[[ Provided material open ]]

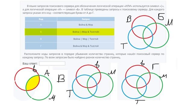 http://egoroffartem.pythonanywhere.com/oge/task/18 На сайте размещены другие задания по этой теме http://egoroffartem.pythonanywhere.com/oge/videotask/18 Список всех разборов 18 задания из ОГЭ по информатике: https://www.egoroffartem.ru/oge/videotask/ Видео решения задач по ОГЭ информатике https://vk.com/egoroff_channel_oge В данном группе можете найти информацию о новых видео и задать вопросы по ОГЭ Информатике Разбор задания № 18 ОГЭ ИНФОРМАТИКА Тема задачи "Поисковые запросы в Интернете" В языке запросов поискового сервера для обозначения логической операции «ИЛИ» используется символ «|», а для логической операции «И» — символ «&». В таблице приведены запросы к поисковому серверу. Для каждого запроса указан его код – соответствующая буква от А до Г. Код Запрос А Война & Мир Б Война | (Мир & Толстой) В Война | Мир | Толстой Г Война & Мир & Толстой Расположите коды запросов в порядке убывания количества страниц, которые нашёл поисковый сервер по каждому запросу. По всем запросам было найдено разное количество страниц.
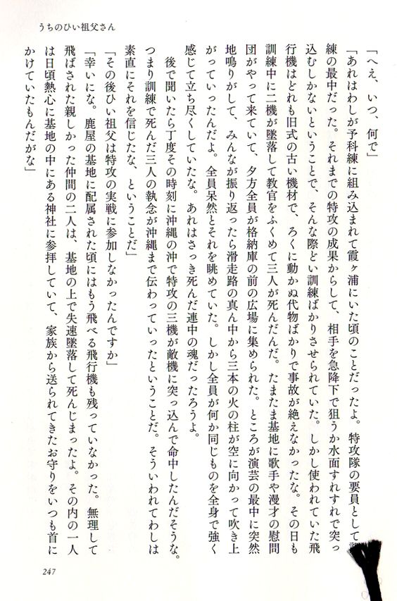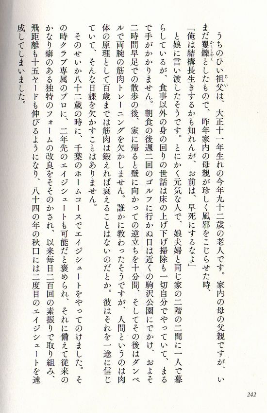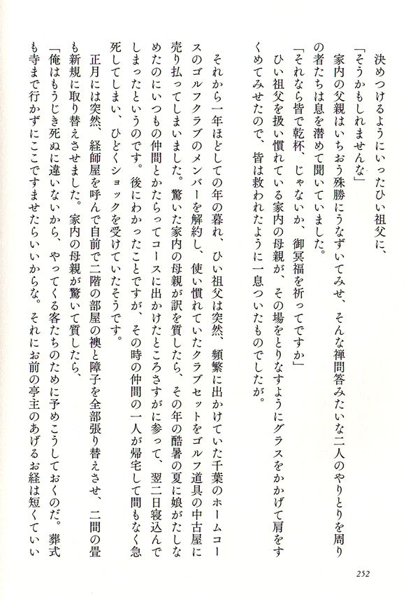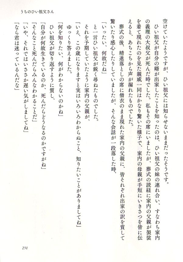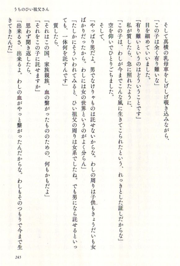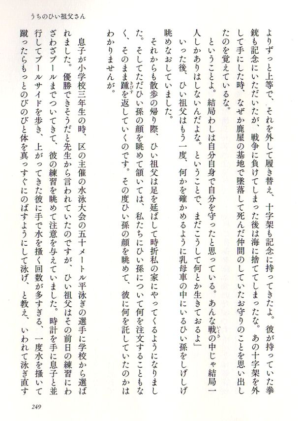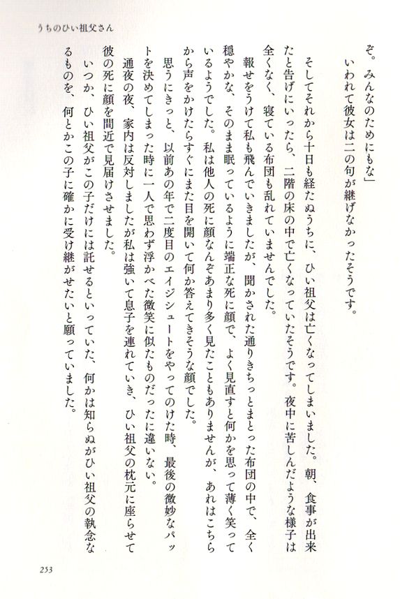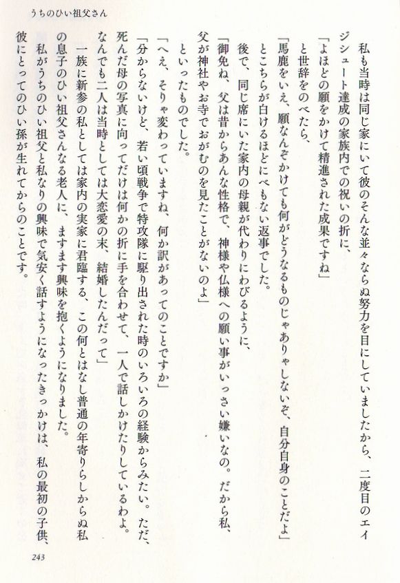 この本の最後を飾る「うちのひい祖父さん」がこれがとてもいい。大正11年生まれの92歳の老人、奥さんの母の父親の話なのだが、こんなお祖父さんになりたいものだと思って読んだ。もう遅いと言われそうだが、死をどう捉えるかという部分で私の思いとフィットする。
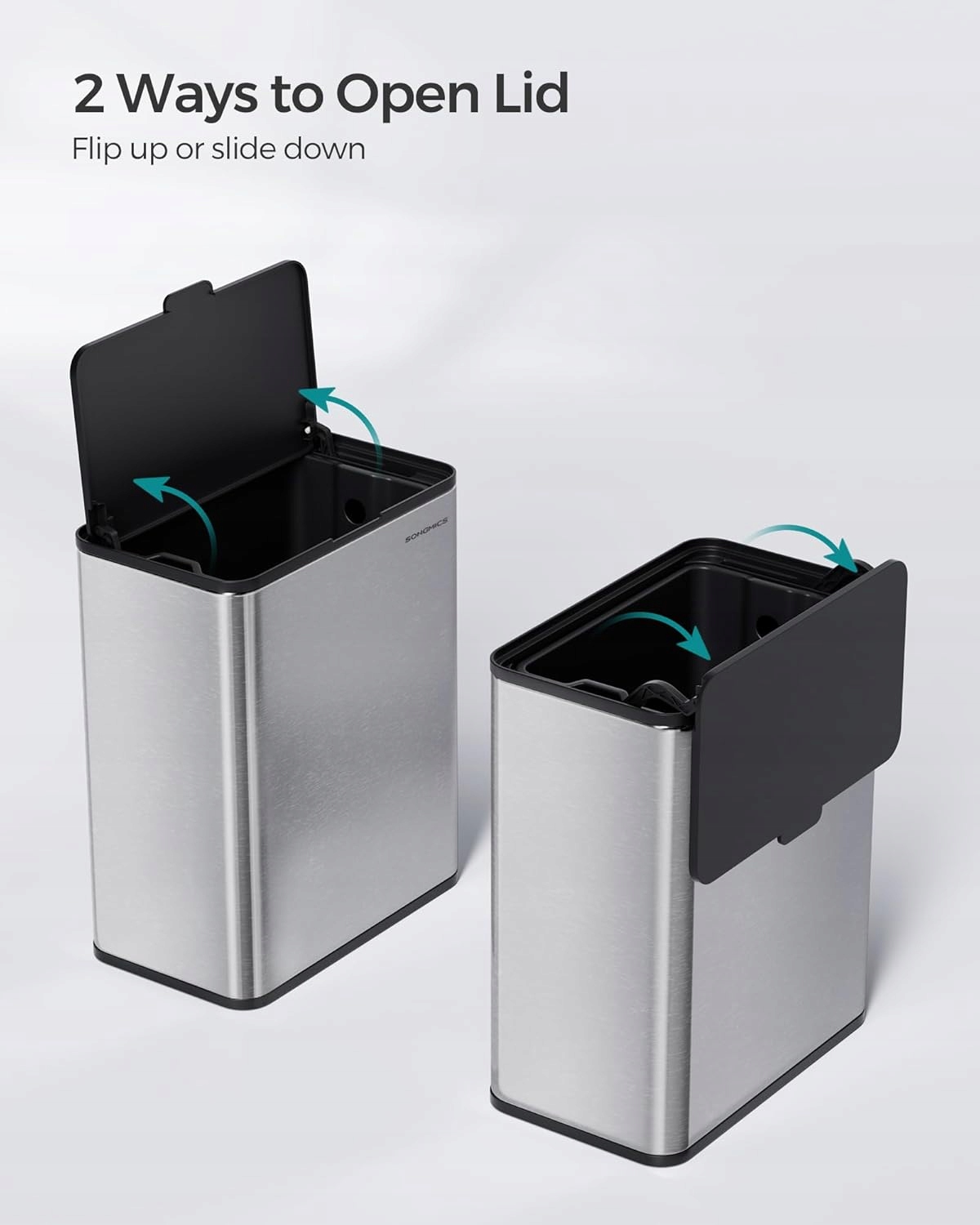 ✅ Pokrywę można otwierać na dwa sposoby – unosząc do góry lub zsuwając w dół, co ułatwia wyrzucanie odpadów podczas gotowania. Wyjmowany wewnętrzny pojemnik z uchwytami oraz otwory na worek pozwalają na szybkie opróżnianie i estetyczne ukrycie worka.

[[ Provided material closed ]]

**Task goal:** Return the listing unchanged, but drop every picture.

**Answer to this problem:**
 http://egoroffartem.pythonanywhere.com/oge/task/18 На сайте размещены другие задания по этой теме http://egoroffartem.pythonanywhere.com/oge/videotask/18 Список всех разборов 18 задания из ОГЭ по информатике: https://www.egoroffartem.ru/oge/videotask/ Видео решения задач по ОГЭ информатике https://vk.com/egoroff_channel_oge В данном группе можете найти информацию о новых видео и задать вопросы по ОГЭ Информатике Разбор задания № 18 ОГЭ ИНФОРМАТИКА Тема задачи "Поисковые запросы в Интернете" В языке запросов поискового сервера для обозначения логической операции «ИЛИ» используется символ «|», а для логической операции «И» — символ «&». В таблице приведены запросы к поисковому серверу. Для каждого запроса указан его код – соответствующая буква от А до Г. Код Запрос А Война & Мир Б Война | (Мир & Толстой) В Война | Мир | Толстой Г Война & Мир & Толстой Расположите коды запросов в порядке убывания количества страниц, которые нашёл поисковый сервер по каждому запросу. По всем запросам было найдено разное количество страниц.
 この本の最後を飾る「うちのひい祖父さん」がこれがとてもいい。大正11年生まれの92歳の老人、奥さんの母の父親の話なのだが、こんなお祖父さんになりたいものだと思って読んだ。もう遅いと言われそうだが、死をどう捉えるかという部分で私の思いとフィットする。
 ✅ Pokrywę można otwierać na dwa sposoby – unosząc do góry lub zsuwając w dół, co ułatwia wyrzucanie odpadów podczas gotowania. Wyjmowany wewnętrzny pojemnik z uchwytami oraz otwory na worek pozwalają na szybkie opróżnianie i estetyczne ukrycie worka.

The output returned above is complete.